Steptoean positive carbon isotope excursion: Difference between revisions

The Steptoean Positive Carbon Isotope Excursion (SPICE) is a global chemostratigraphic event which occurred in the upper Cambrian period , corresponding with the ICS Guzhangian- Paibian stage boundary (as well as the Miaolingian- Furongian series boundary and North American Marjuman- Streptoean stage boundary). ^[1] This event is characterized by a globally corelated positive excursion of δ¹³C values in stratigraphy between 497 and 494 million years ago. During this 3 million year period δ¹³C values increased to maximum values of 4 to 6 ‰ (per mille). The onset of SPICE also corresponds with the End-Marjuman Biomere Extinction. An event which saw significant extinction and turnover in global trilobite and brachiopod species. ^[2]

Localities and Geology

Modern countries and regions with formations containing the SPICE excursion (highlighted in red). Base world map sourced from GIS Geography (2024).

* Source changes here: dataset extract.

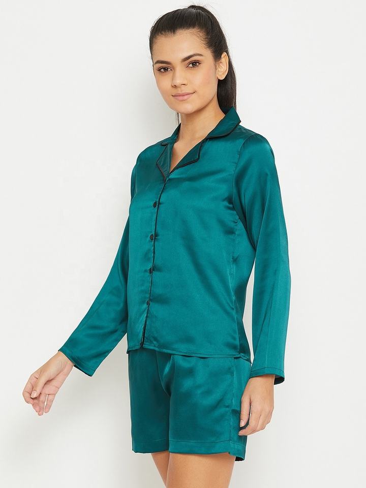 Pyjama brodé en Satin de soie pour femme, ensemble de nuit à manches longues, 7 pièces

All Localities SPICE Has Been Observed

Modern Country	Paleocontinent	Formation
United States (14 llocalities)	Laurentia	Nevada: McGill Range [3] Shingle Pass [4][5] Utah: House Range [3][4][5] Lawson Cove Range [6][7] Upper Nouman and lower St. Charles formations [8] Southern Appalachians: Copper Ridge Dolomites, Knox Group [9][10][11] Maynardville Formation, Conasauga Group [9][12] Nolichucky Formation, Conasauga Group [12][13][14] Other Areas: Eau Claire Formation, Kentucky [15] Franconia Formation, Illinois [16] Rhinehart A-1 corehole (Hollandale "Embayment"), central Iowa [8] Schodack Formation, New York [17] Upper Bonneterre & Davis Formation, Southern Missouri [18][19] Wind River Range, Wyoming [3]
China (8 localities)	Gondwana	North China: Changshan Formation, Tangwangzhai section, Gushan, Shangdong Province [20] Chaomidian Formation, Shandong Province [21][22] Gushan Formation [21][22] Huangyangshan (HYS) section, Shandong Province [23][24] South China: Huaqiao Formation, Wangcun & Paibi section, Hunan Province [20][25] Huayansi Formation, Duibian A and B sections, western Zhejiang [23][24] Upper Chefu & lower Bitiao Formation, Wa’ergang section, Northern Hunan Province [25][24] Other Areas: Yaerdang Mountain profile, North-West China [26]
Australia (4 localities)	Gondwana	Queensland: Mount Murray [6] Mount Whelan [20][6] Northern Australia: Arrinthrunga Formation, southern Georgina Basin [27] Central Australia: Goyder Formation, Amadeus Basin [28]
South Korea (2 localities)	Gondwana	Machari Formation, Gangweon Province [29] Sesong Formation [30]
Argentina (2 localities)	Gondwana	La Flecha Formation [31] Zonda Formation [31]
Canada (2 localities)	Laurentia	March Point formation, Port au Port group, Newfoundland [8][32][33] Petit Jadin formation, Port au Port group, Newfoundland [33]
France (2 localities)	Gondwana	Val d'Homs formation, Montagne Noire [34] La Gardie formation, Montagne Noire [34]
Kazakhstan (1 locality)	Kazakhstania	Furongian Kyrshabakty section, southern Kazakhstan [35]
Scotland (1 locality)	Laurentia	Eilean Dubh Formation, Northern Scotland [36]
Russia (1 locality)	Siberia	Kulyumbe Formation, Siberian Platform, Siberia [37]
Sweden (1 locality)	Baltica	Alum Shale Formation [38]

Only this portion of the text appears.